The International Space Station (ISS) installed NRL’s Limb-Imaging Ionospheric and Thermospheric Extreme Ultraviolet (UV) Spectrograph (LITES), and Global Positioning System (GPS) Radio Occultation and Ultraviolet Photometer Co-located (GROUP-C) research instruments Feb 28.
The payload was delivered via SpaceX’s FALCON 9 rocket Feb. 17, and later retrieved by a robotic-arm aboard the ISS. After several days of installation, payload managers and the DoD Space Test Program successfully performed tests to confirm the instruments functioned properly.
GROUP-C and LITES are mounted on the DoD Space Test Program's (STP) STP-H5 platform. The STP Houston branch built and managed the platform, which enables mounting experiments outside the ISS and provides power and communications to those experiments.

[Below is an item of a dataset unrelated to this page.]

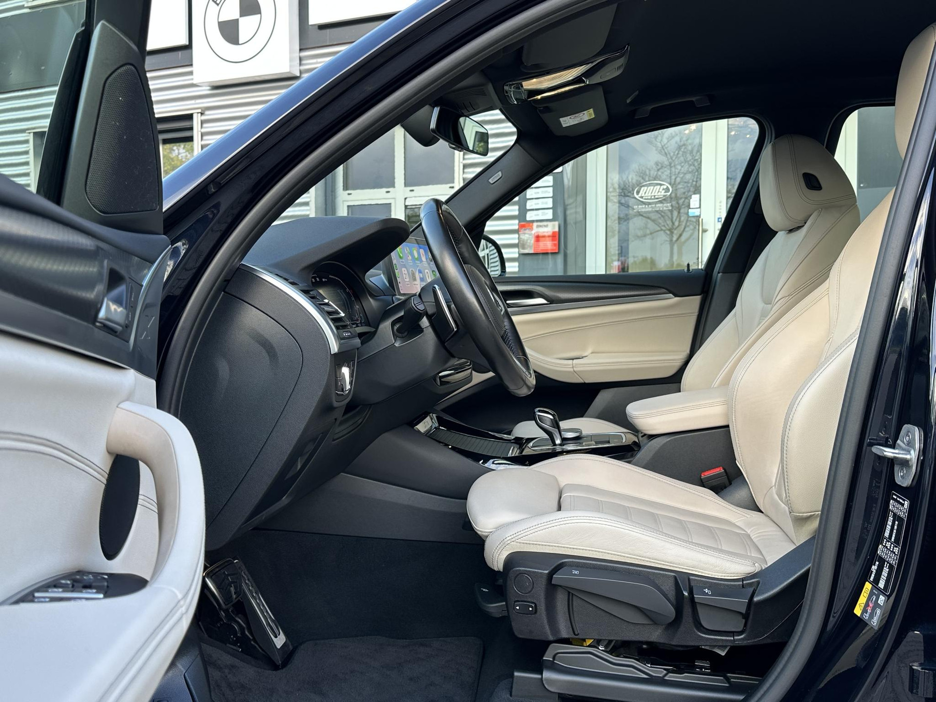 Roos BMW & MINI specialist bied u aan deze prachtige BMW X3 30e in Carbonzwart metallic, met prachtig Oyster lederen interieur en zwarte hemel. Hij komt uit 04-2023 en heeft 184pk gecombineerd met een 55kw elektrisch vermogen. Al het onderhoud is keurig uitgevoerd en digitaal geregistreerd.

“When we successfully received the first telemetry at NRL from our sensors aboard the ISS, I felt immediate relief that our instruments survived the ride to space and were functioning, followed by pride that the years of hard work by our capable experiment team had paid off,” said Dr. Andrew Stephan, lead investigator of LITES.
Operation of GROUP-C and LITES have gone according to plan, and show no signs of mission deviation. LITES has a detector sensitive to humidity, protected by a sealed door and under vacuum while on the ground. After LITES sensor arrived in space the door was opened with an electrical signal to a pin-puller, freeing the detector for utilization.
Stephan and lead investigator of GROUP-C, Dr. Scott Budzien, are extremely confident in the capabilities of their experiments.
“We can complete our primary objective to demonstrate these sensors and measurement techniques well within a year,” said Budzein. “But the longer we operate, the better chance we have of seeing scientifically interesting events in the space environment, helping us answer questions about the modes of variation in the ionosphere.”
According to Stephan and Budzien, If the experiments operate at their full duration of two-years, they will have a chance to co-operate with two major NASA missions: the Ionospheric Connection Explorer (ICON) and the Global-Scale Observations of the Limb and Disk (GOLD), both anticipated to launch this year.